Problem to work on: Restate word for word the lines of the entries below, starting with the line that holds "Details Ingredients Ingredients: Peanuts, Contains" and ending with the line that holds "Untere Blätter 20", and no others.

The input:
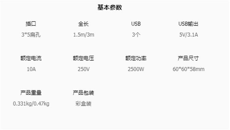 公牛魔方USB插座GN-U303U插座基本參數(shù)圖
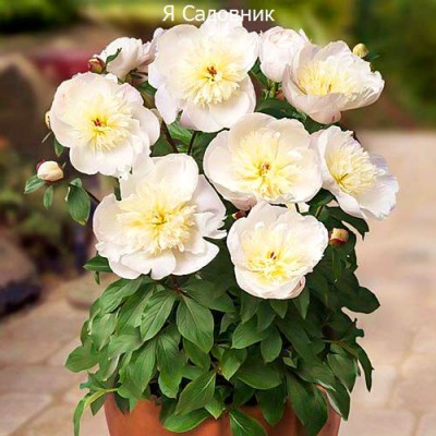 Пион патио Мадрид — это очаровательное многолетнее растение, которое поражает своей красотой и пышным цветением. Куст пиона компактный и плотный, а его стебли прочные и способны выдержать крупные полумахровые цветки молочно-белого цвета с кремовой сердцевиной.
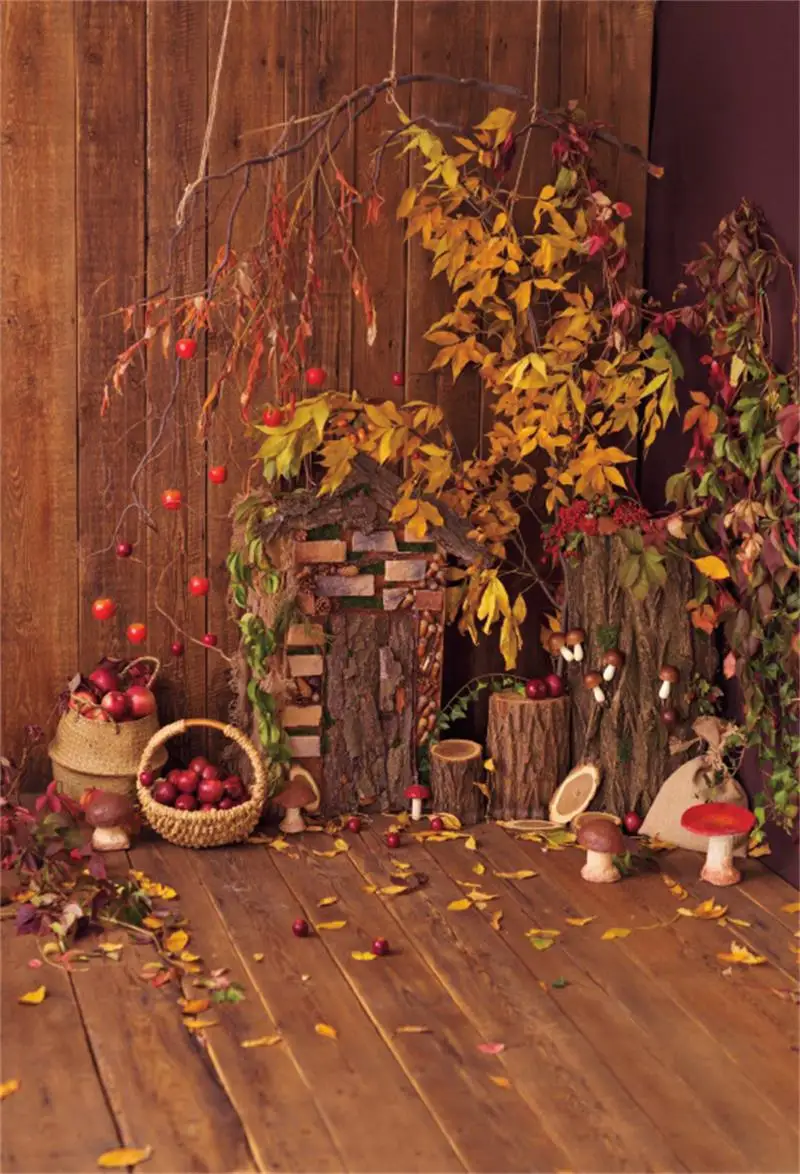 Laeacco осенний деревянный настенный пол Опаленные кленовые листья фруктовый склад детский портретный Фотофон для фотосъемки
* * *
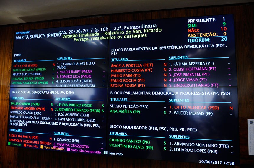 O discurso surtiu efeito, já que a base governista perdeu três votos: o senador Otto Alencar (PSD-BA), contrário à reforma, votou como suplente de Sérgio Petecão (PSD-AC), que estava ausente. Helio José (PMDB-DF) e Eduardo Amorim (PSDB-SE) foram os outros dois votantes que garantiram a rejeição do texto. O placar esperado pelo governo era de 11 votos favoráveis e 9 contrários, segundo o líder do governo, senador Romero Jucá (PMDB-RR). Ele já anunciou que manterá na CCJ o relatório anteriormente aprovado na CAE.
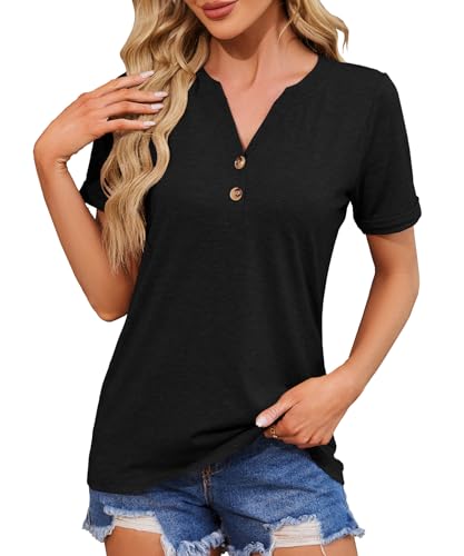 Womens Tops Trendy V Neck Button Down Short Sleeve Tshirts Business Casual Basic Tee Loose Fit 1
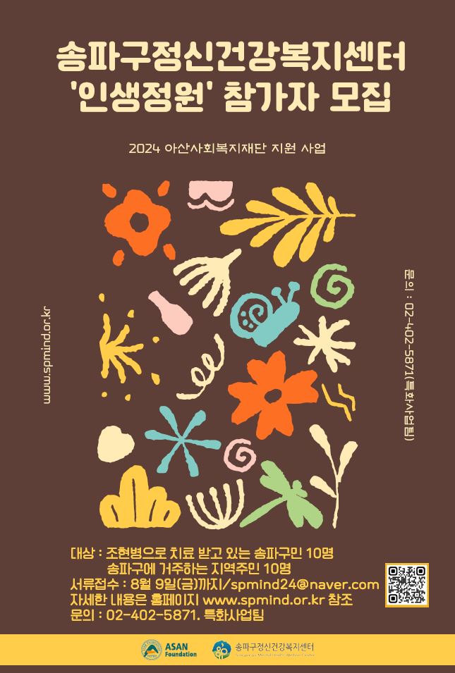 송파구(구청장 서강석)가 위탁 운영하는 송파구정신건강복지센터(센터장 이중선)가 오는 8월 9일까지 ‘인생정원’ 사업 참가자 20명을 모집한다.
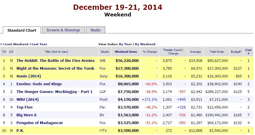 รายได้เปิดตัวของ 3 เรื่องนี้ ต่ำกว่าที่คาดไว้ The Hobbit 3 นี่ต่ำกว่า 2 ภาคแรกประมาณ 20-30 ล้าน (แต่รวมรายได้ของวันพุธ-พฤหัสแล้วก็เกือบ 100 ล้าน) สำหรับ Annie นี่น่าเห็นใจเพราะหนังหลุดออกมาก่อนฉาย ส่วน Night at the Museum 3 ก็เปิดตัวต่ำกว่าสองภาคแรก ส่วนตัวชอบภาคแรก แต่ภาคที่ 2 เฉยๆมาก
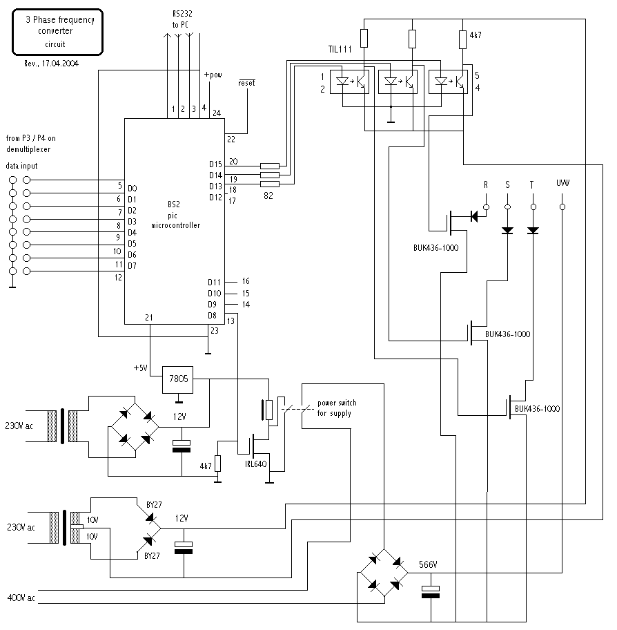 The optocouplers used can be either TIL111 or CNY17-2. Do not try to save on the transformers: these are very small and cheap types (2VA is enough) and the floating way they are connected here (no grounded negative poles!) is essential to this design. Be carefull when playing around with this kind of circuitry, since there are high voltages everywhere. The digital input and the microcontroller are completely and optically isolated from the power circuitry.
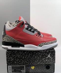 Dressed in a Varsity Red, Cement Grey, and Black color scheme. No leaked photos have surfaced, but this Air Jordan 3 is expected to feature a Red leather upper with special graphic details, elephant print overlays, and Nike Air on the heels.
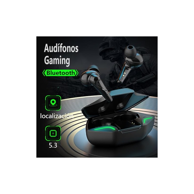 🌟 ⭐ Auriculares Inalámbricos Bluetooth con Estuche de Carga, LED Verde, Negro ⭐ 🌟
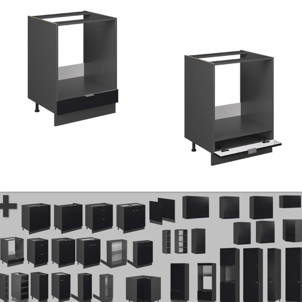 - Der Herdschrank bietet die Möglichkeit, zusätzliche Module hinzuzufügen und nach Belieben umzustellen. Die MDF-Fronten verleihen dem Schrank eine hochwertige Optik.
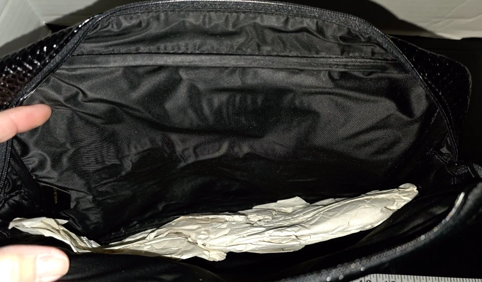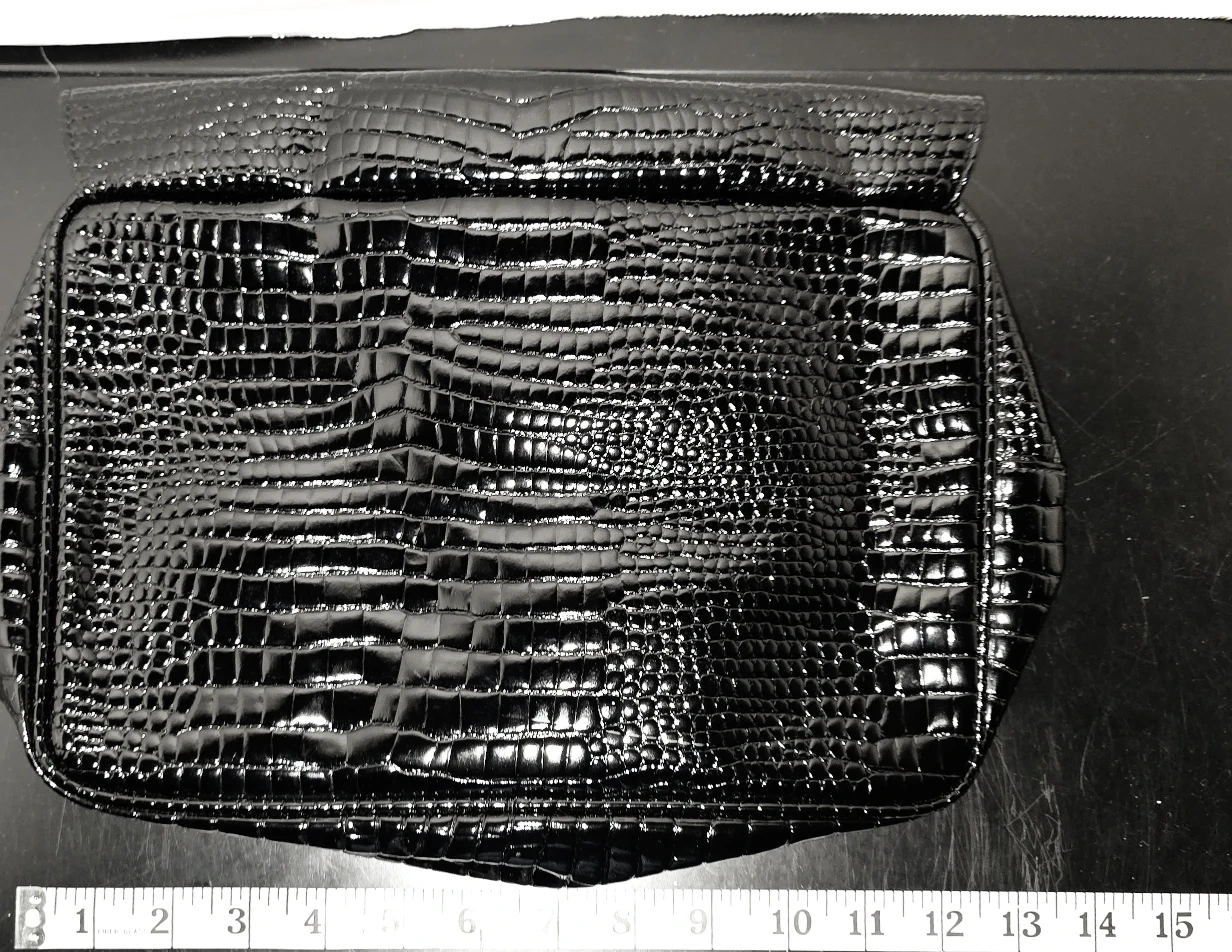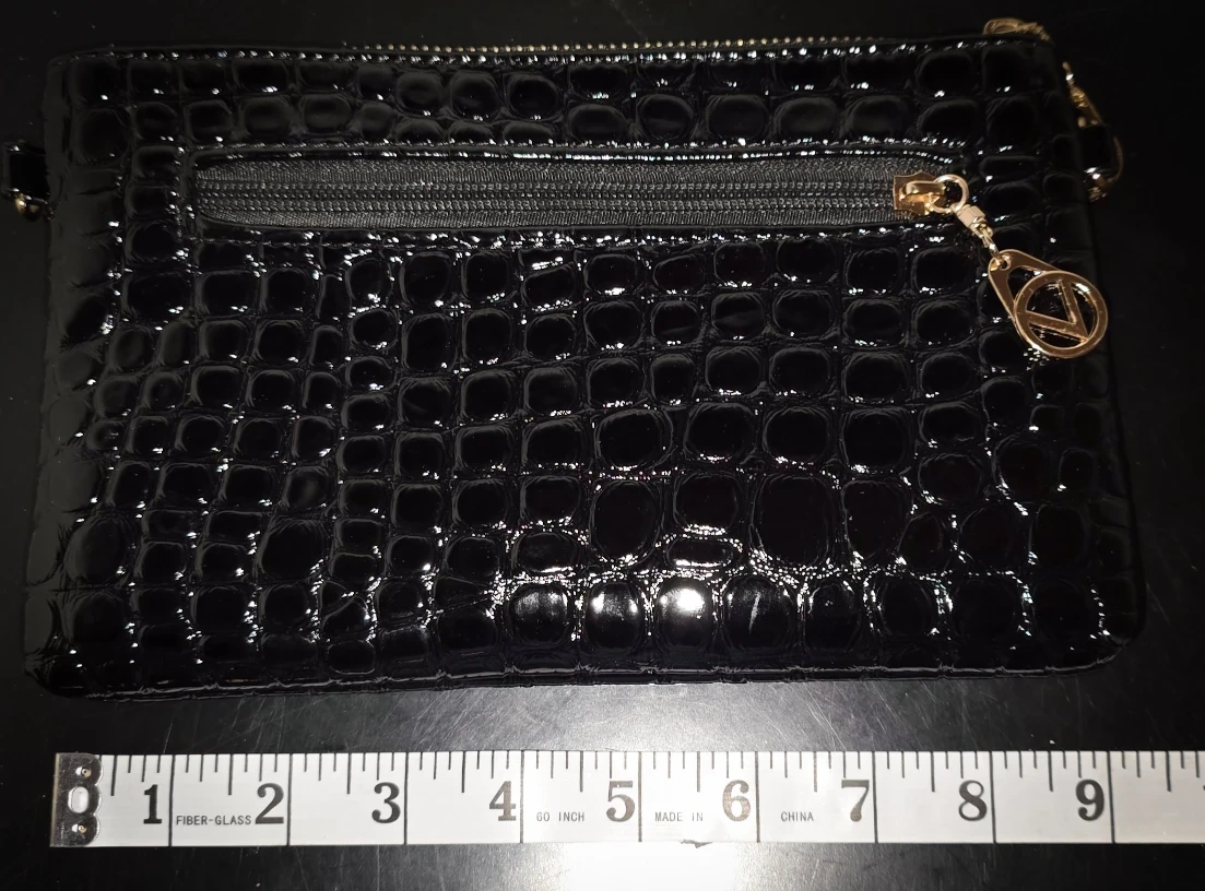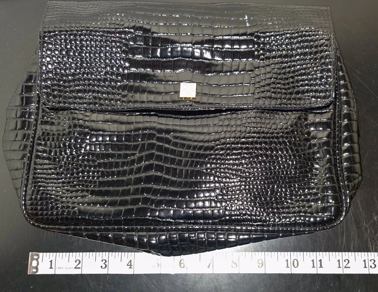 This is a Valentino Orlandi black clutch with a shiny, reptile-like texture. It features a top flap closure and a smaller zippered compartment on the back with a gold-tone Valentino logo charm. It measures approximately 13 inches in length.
...
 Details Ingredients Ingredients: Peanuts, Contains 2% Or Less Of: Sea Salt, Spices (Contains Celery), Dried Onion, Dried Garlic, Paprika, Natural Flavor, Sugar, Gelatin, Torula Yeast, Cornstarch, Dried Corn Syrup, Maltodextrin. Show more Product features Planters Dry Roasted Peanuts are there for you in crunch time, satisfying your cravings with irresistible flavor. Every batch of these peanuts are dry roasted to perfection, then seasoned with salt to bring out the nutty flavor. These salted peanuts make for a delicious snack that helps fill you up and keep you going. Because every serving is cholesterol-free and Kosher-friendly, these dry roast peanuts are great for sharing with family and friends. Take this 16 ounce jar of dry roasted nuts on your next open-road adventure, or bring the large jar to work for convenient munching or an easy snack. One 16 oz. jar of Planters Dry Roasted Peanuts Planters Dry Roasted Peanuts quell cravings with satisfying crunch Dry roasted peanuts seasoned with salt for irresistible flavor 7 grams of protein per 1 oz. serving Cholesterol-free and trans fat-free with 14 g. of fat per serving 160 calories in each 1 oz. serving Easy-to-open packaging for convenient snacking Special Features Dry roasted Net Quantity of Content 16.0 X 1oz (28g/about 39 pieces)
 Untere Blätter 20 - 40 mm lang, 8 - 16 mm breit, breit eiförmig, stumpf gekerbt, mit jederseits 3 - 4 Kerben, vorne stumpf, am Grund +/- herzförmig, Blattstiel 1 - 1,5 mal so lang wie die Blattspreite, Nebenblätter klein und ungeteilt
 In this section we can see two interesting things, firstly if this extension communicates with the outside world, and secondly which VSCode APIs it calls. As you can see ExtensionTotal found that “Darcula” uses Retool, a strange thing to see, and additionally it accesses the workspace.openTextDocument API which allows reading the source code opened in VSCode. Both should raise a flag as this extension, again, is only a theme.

Exercise response:
 Details Ingredients Ingredients: Peanuts, Contains 2% Or Less Of: Sea Salt, Spices (Contains Celery), Dried Onion, Dried Garlic, Paprika, Natural Flavor, Sugar, Gelatin, Torula Yeast, Cornstarch, Dried Corn Syrup, Maltodextrin. Show more Product features Planters Dry Roasted Peanuts are there for you in crunch time, satisfying your cravings with irresistible flavor. Every batch of these peanuts are dry roasted to perfection, then seasoned with salt to bring out the nutty flavor. These salted peanuts make for a delicious snack that helps fill you up and keep you going. Because every serving is cholesterol-free and Kosher-friendly, these dry roast peanuts are great for sharing with family and friends. Take this 16 ounce jar of dry roasted nuts on your next open-road adventure, or bring the large jar to work for convenient munching or an easy snack. One 16 oz. jar of Planters Dry Roasted Peanuts Planters Dry Roasted Peanuts quell cravings with satisfying crunch Dry roasted peanuts seasoned with salt for irresistible flavor 7 grams of protein per 1 oz. serving Cholesterol-free and trans fat-free with 14 g. of fat per serving 160 calories in each 1 oz. serving Easy-to-open packaging for convenient snacking Special Features Dry roasted Net Quantity of Content 16.0 X 1oz (28g/about 39 pieces)
 Untere Blätter 20 - 40 mm lang, 8 - 16 mm breit, breit eiförmig, stumpf gekerbt, mit jederseits 3 - 4 Kerben, vorne stumpf, am Grund +/- herzförmig, Blattstiel 1 - 1,5 mal so lang wie die Blattspreite, Nebenblätter klein und ungeteilt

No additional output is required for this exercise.